Create a personal development process

Self-Assessment- Employees must identify their individual strengths and weaknesses. This
will help them find areas of improvement and discover what motivate them.
Setting Goals- Employees set smart goals.These are Specific, Measurable, Achievable,
Relevant and Time-Bound. They allow you to track progress and motivate employees to
improve their work performance.
Identifying Strategies-Employees should experiment between experiential learning on the
job, learning from others through mentoring or shadowing subject experts and attending
webinars or obtaining additional certificate.
Building Timelines-It is important employees commit to making improvements by setting
deadlines.

Important of Development Planning Process


The Development Planning Process plays a crucial role for both staff members and the
organizations they work for. We have identified the following 6 main benefits:
1. Upskills Workforce
2. Increases Productivity
3. Improves Employee Satisfaction
4. Increases Employee Retention
5. Enriches Company Culture
6. Strengthens feedback Culture
1. Upskills Workforce: Development Planning helps upskill a workforce because it
encourages employees to identify their strengths and build upon their weaknesses.
This informs decisions concerning training and development and can increase your
employee's knowledge and improve their skill set
Supporting employee's career development will further improve your allocation of
resources and help you manage the team budget.

2. Increases Productivity: Individual Development Planning upskills a workforce


which further increases productivity. This is because employees are given new
deadlines to adhere to and can better manage their time to achieve what is asked of
them.

Studies have found that planning preserves 10 times more time in the future. This is
beneficial to your organization and will maximize efficiency.

3. Improves Employee Satisfaction: Employees are likely to feel better supported


having made a development plan with their manager. There will be greater
motivation for an employee to succeed and reach their goals. This is especially
crucial for employees who lack direction and are uncertain about their future
careers.
Employee engagement is important for your organization as a happy workforce will feel
more compelled to work hard and achieve results.

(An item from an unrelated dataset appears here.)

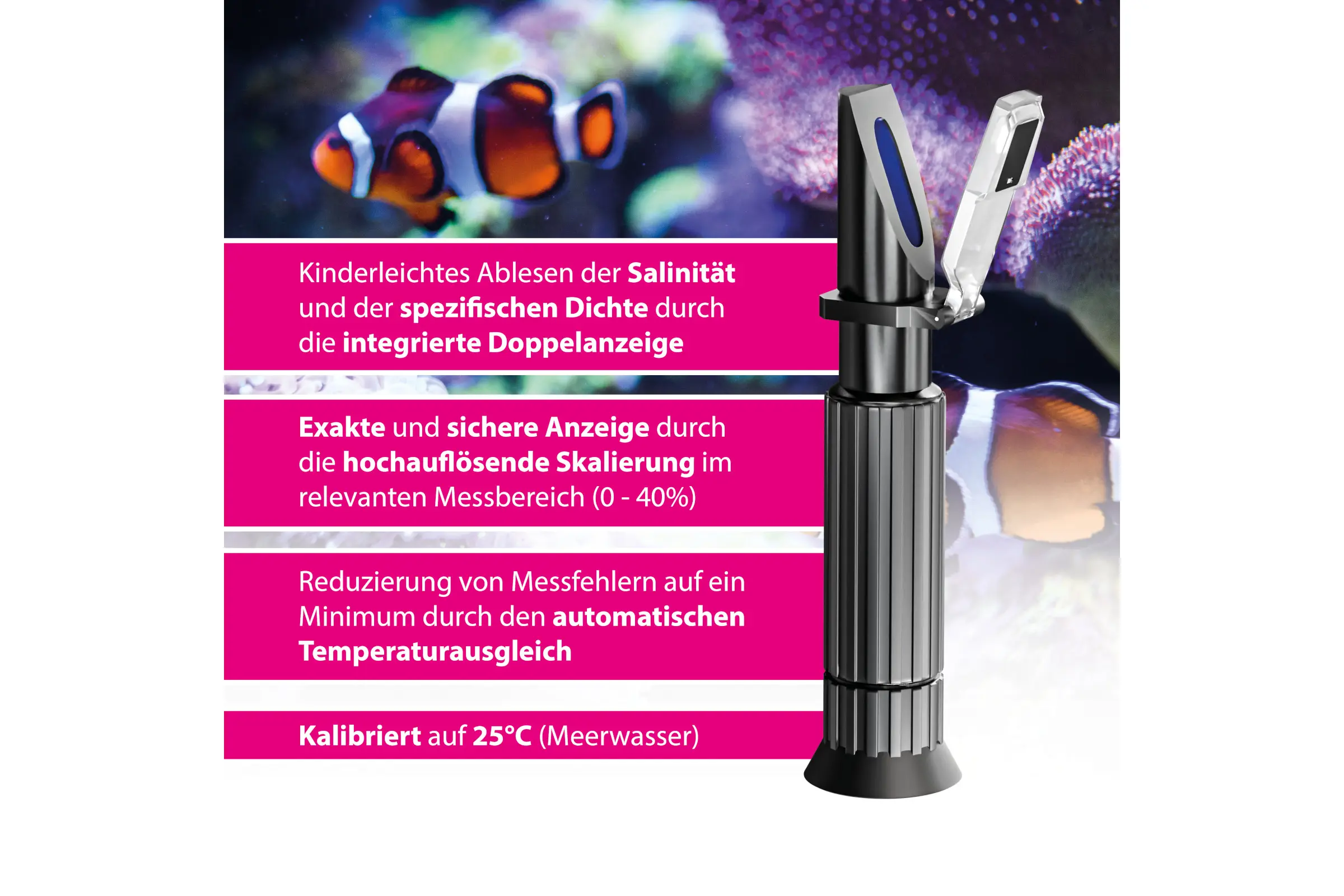 Das ARKA Refraktometer mit LED-Beleuchtung ist ein zuverlässiges Messinstrument für die regelmäßige Kontrolle der Salzkonzentration in Meerwasseraquarien – exakt, robust und leicht kalibrierbar.

4. Increases Employee Retention: When employees are more satisfied with their role,
they are more likely to maintain their post within an organization. This is beneficial
to retain top talent.
Employee retention is important for an organization as it reduces the cost of recruiting
and on boarding processes. It is an unnecessary expense to constantly be training new
employees. It is more efficient to retain existing employees and upskill them
throughout their time with your organization

5. Enriches Company Culture: Personal Development Planning helps build a company


culture which is inclusive and collaborative. Building a strategic plan with employees
helps them feel that they are supported. Employee engagement with a firm is crucial
to drive an employee's self-confidence and motivation to succeed.

Company Culture is incredibly important. Glass door conducted a study that revealed
that 77% of workers will consider company culture before applying for a job.

6. Strengthens feedback Culture: Organizations should embrace feedback culture.


Employees benefit from managers commenting on their performance as their value to
a team is recognized. It further helps them to improve in areas where they are under-
performing.

Managers benefit from 360 feedbacks as they learn where their leadership have been
effective and where people feel they could improve. This will boost project
management and ensuing team performance and productivity.